Current state: Under Discussion
Please keep the discussion on the mailing list rather than commenting on the wiki (wiki discussions get unwieldy fast).
Operators of Apache Kafka clusters have literally no information about the clients connected to their clusters. Having basic information about the connected clients such as their name and their version could tremendously help them to 1) troubleshoot misbehaving clients; or 2) understand the impact of a broker upgrade to their clients and reach them out to inform them proactively.
ApiVersionsRequest is bumped to version 3 with two new fields.
ApiVersionsResponse is bumped to version 3 but does not have any changes in the schema.
We will add few metrics in the broker to surface information about the connected clients.
|Metric||Type||Description||Can be plotted?|
|kafka.server:type=ClientMetrics,name=ConnectedClients||Gauge<Integer>||The total number of client connected.||Yes|
|kafka.server:type=ClientMetrics,name=ConnectedClients,clientname=([-.\w]+),clientversion=([-.\w]+)||Gauge<Integer>||The number of client connected, broken down by clientname and clientversion. It gives an overview of the clients.|
The metric will be removed when it goes back to zero - when the all the clients with a given name and version are disconnected.
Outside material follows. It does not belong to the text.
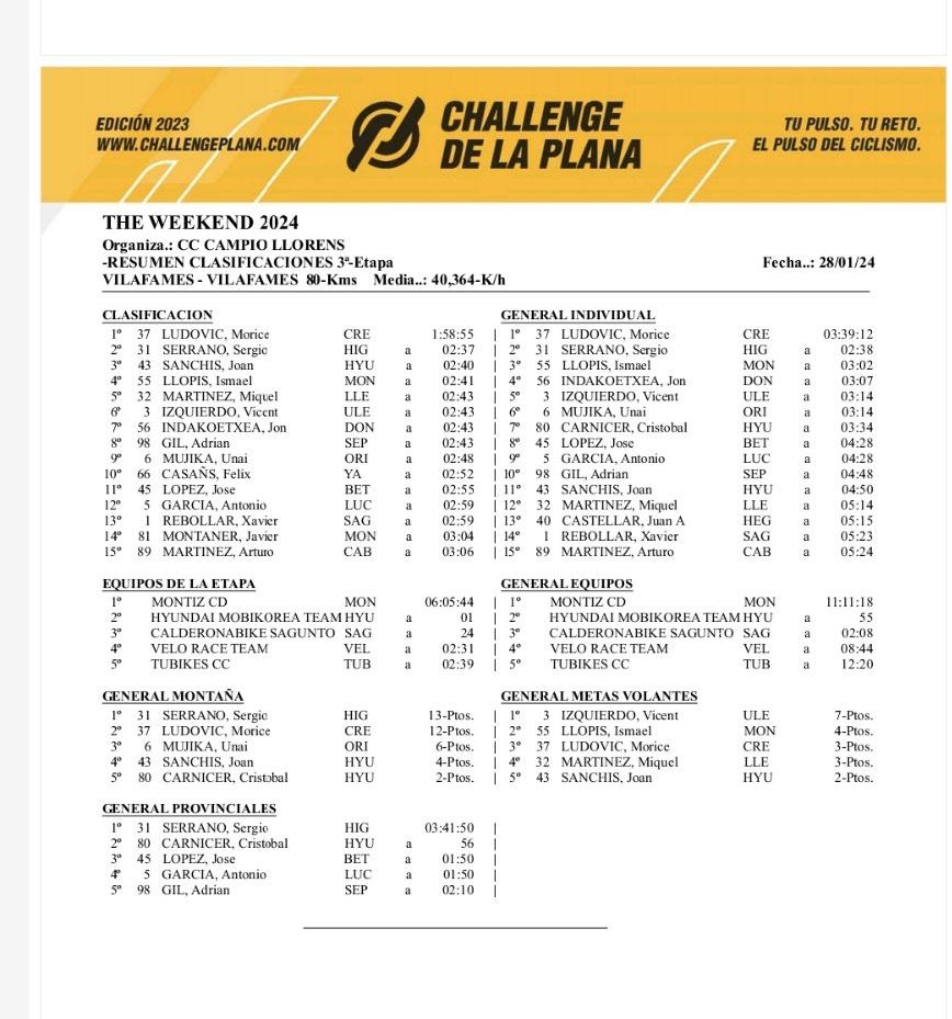 – Etapa 3 – 28/01 – VILAFAMÉS – Clasificaciones

The clients connected to the broker where each Map represents a connection with the following metadata:
|No - Operator can get the active connections via JMX by using a tool such as jmxterm|
While the Request Log is not a public interface, it is worth mentioning that we will enrich it with the Client Name and the Client Version.
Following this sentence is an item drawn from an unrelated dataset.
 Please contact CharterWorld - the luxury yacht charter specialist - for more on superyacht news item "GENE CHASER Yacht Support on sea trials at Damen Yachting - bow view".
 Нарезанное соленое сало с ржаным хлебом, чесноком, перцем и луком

The idea is to re-use the existing ApiVersions Request to provide the name and the version of the client to the broker.
The client is responsible to provide its name and its version. For the Java client, we will rely on the metadata defined in the `kafka/kafka-version.properties` property file which is shipped in the jar.
In the broker, the name and the version of the client will be attached to the connection alongside already existing metadata such as the principal. This makes them reusable to later purposes (e.g. extending existing metrics).
Metrics will be added and the request log will be extended to make the metadata available to the operators.
Compatibility, Deprecation, and Migration Plan
What impact (if any) will there be on existing users?
Existing users extracting and parsing the Request Log may have to update their parsing logic to accommodate the new fields.
Put clientName and clientVersion in the RequestHeader
clientName and clientVersion could be sent in every request alongside to the clientId in the header. While this would be fairly simple to implement once KIP-482 is implemented, it would make adding more metadata in the future hard and would wast few bytes in every request for something which does not change within a session.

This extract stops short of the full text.